Linux memory management: (2) slab allocator

Article description:

1. Background of slab allocator

The partner system allocates memory in physical pages. In practice, many memory requirements are in bytes. So if we need to allocate small memory blocks in bytes, how should we allocate them?
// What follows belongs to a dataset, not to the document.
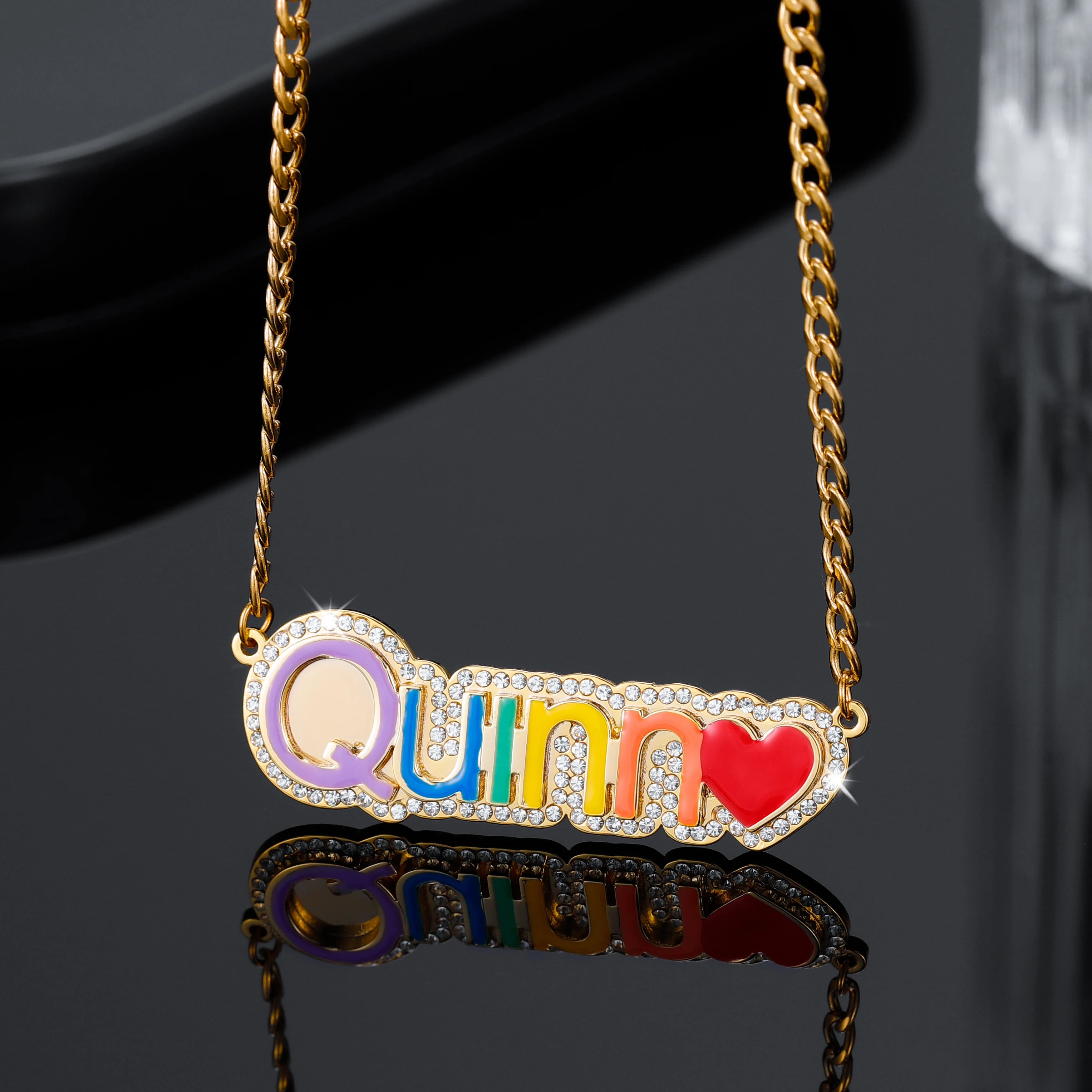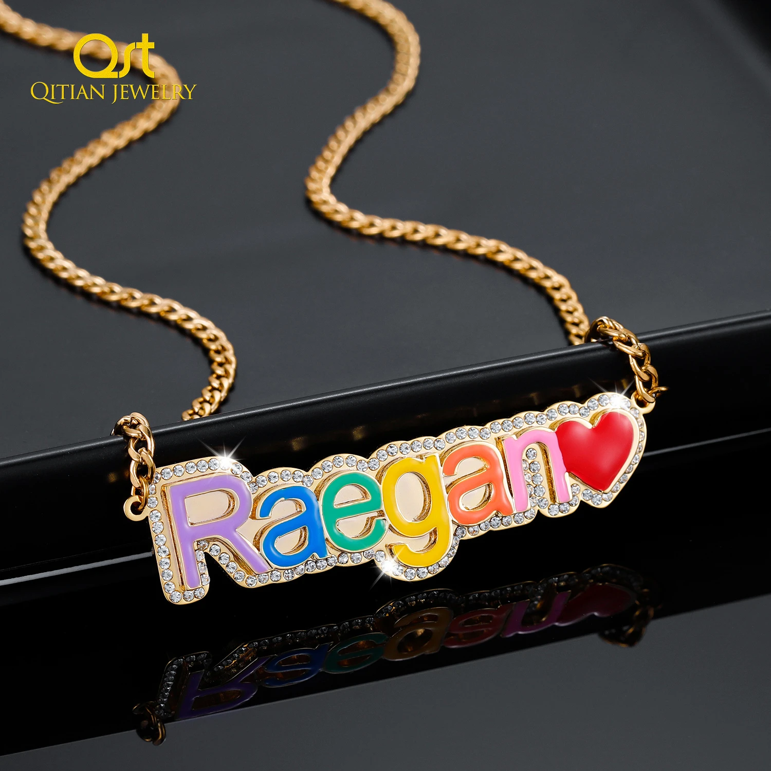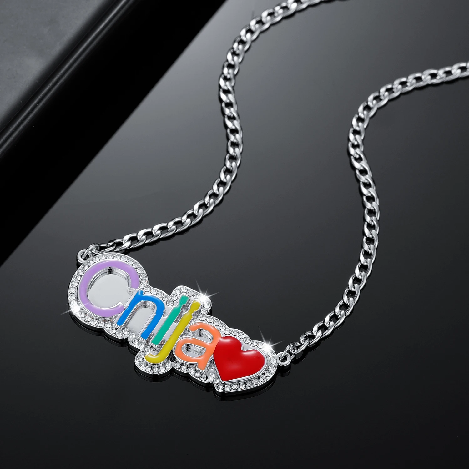 Женское Ожерелье с радужным именем, персонализированная цепочка со сверкающим именем Стразы, кулон на День святого Валентина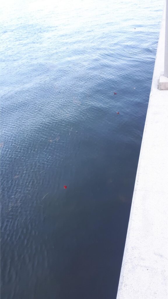 Antes de salir de la bahía de Brickell los espíritus psicopompos me mostraron una imagen muy fuerte: tanto Santiago y yo debíamos tirar flores rojas en la bahía. No sé, como algo que mostrara compasión por ellos, el final de ese sufrimiento para ellos. Le comenté esto a Santiago al final del trabajo. Él me contó que vio cosas muy parecidas a las que vi yo y me dijo que en un momento se sintió en peligro. Más allá de eso, todo estuvo bien.

The slab allocator is used to solve the problem of small memory block allocation , and it is also one of the very important roles in memory allocation.

The slab allocator ultimately uses the buddy system to allocate actual physical pages, but the slab allocator implements its own mechanism on these contiguous physical pages to manage small memory blocks.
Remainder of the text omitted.